▸ Data provided

[Start of Attachment]

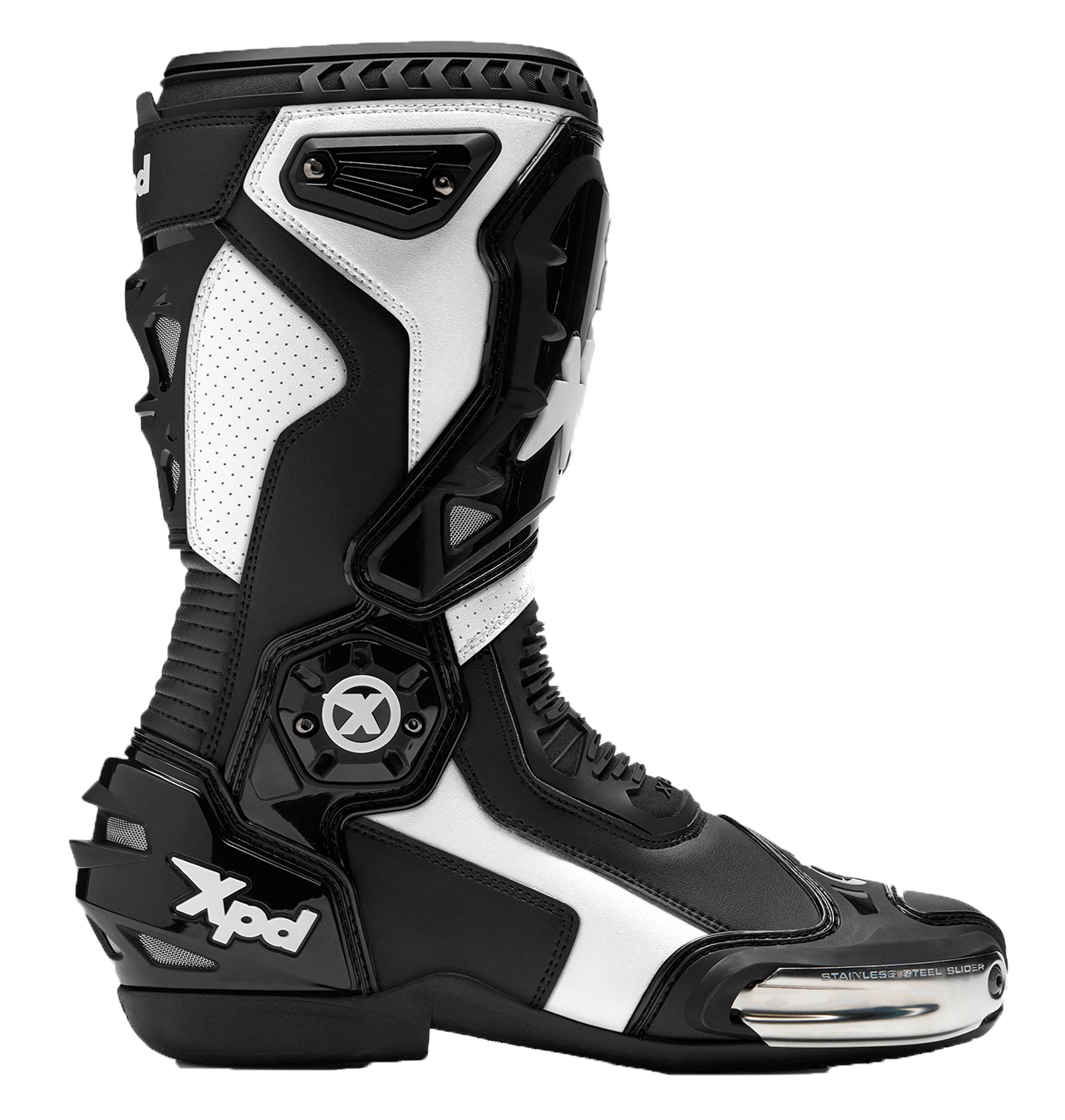 XPD XP-MODE Siyah/Beyaz, sportif bir şekilde süren ancak günlük hayatta işlevsel bir bot ihtiyacı olan motosikletçiler için tasarlanmıştır: pedal üzerinde stabil, bilek kısmında rahat, hızlı kapanan – ve birçok kilometreye dayanacak kadar sağlam. Görünüm bilinçli olarak sade ve hem deri kombine hem de tekstil kombine uyum sağlıyor. Teknik olarak XP-MODE, XPD'nin vaat ettiği gibi kalıyor: “Form İşlevi Takip Eder” – her çizgi bir amaca hizmet ediyor.
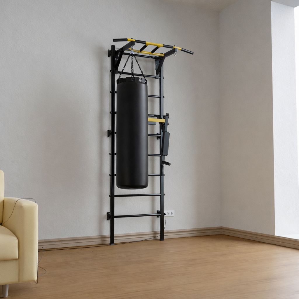 - Надежная стальная конструкция с профилем 40х40 , которая выдерживает до 250 кг. Вылет от стены 47 см - это идеальный вылет, так как в некоторых упражнениях требуется смещать корпус тела вперед, и при таком вылете Вы не будете касаться ногами шведской стенки.
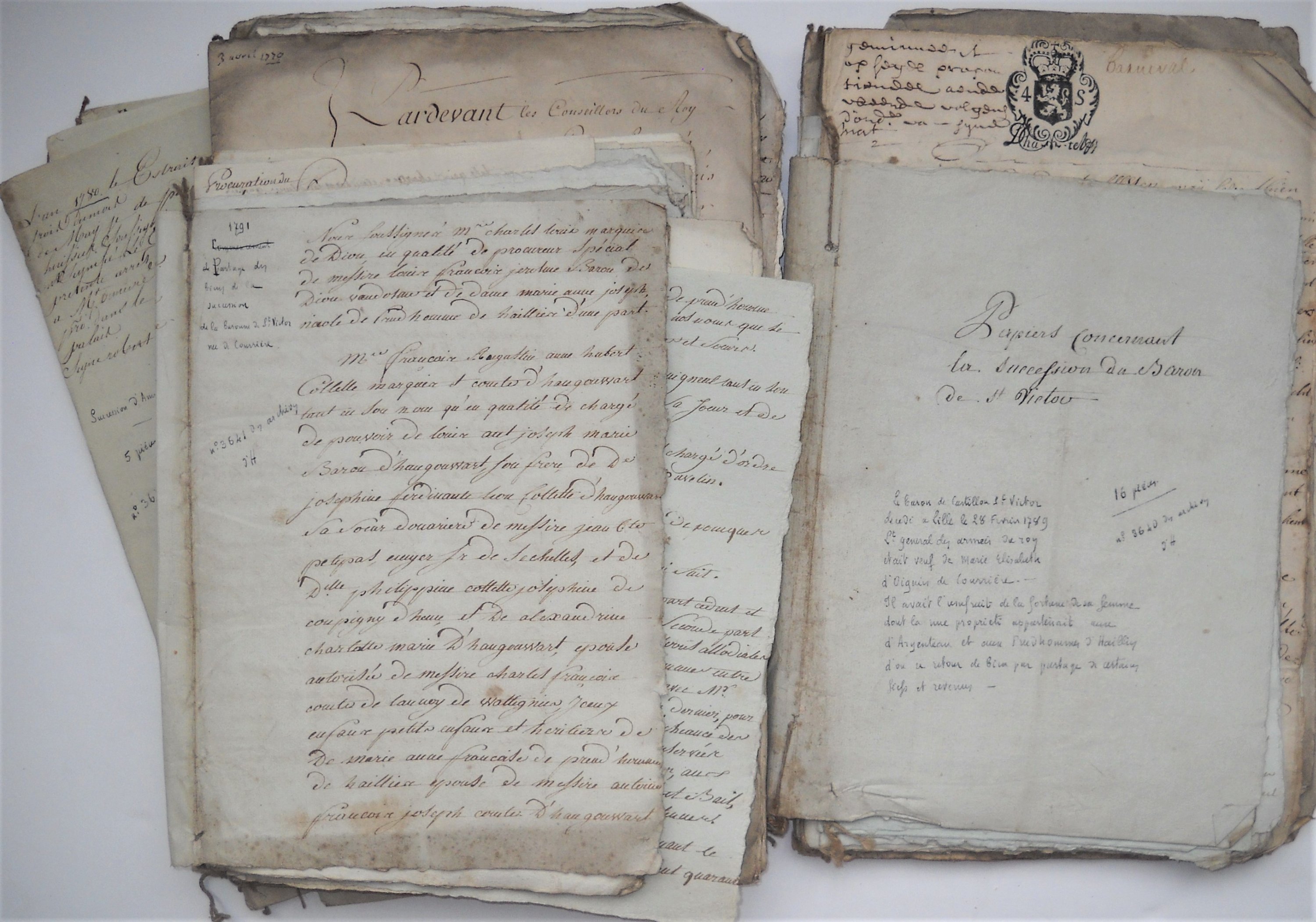 Réunion de + de 50 pièces manuscrites, fin du 18e siècle, papier, formats divers, relatives à la succession de Louis Auguste Félicien de Castillon, chevalier, baron de Saint Victor, lieutenant-général des armées du roi, commandant général des troupes royales à Saint Domingue, décédé à Lille le 28 février 1789, veuf de Marie Elisabeth d’Ongnies de Courrière.

[End of Attachment]

▸ Problem to solve
Where the line containing "- Надежная стальная" appears in the data above, begin there and output every line through the last, exactly and without pictures.

▸ Completed task
 - Надежная стальная конструкция с профилем 40х40 , которая выдерживает до 250 кг. Вылет от стены 47 см - это идеальный вылет, так как в некоторых упражнениях требуется смещать корпус тела вперед, и при таком вылете Вы не будете касаться ногами шведской стенки.
 Réunion de + de 50 pièces manuscrites, fin du 18e siècle, papier, formats divers, relatives à la succession de Louis Auguste Félicien de Castillon, chevalier, baron de Saint Victor, lieutenant-général des armées du roi, commandant général des troupes royales à Saint Domingue, décédé à Lille le 28 février 1789, veuf de Marie Elisabeth d’Ongnies de Courrière.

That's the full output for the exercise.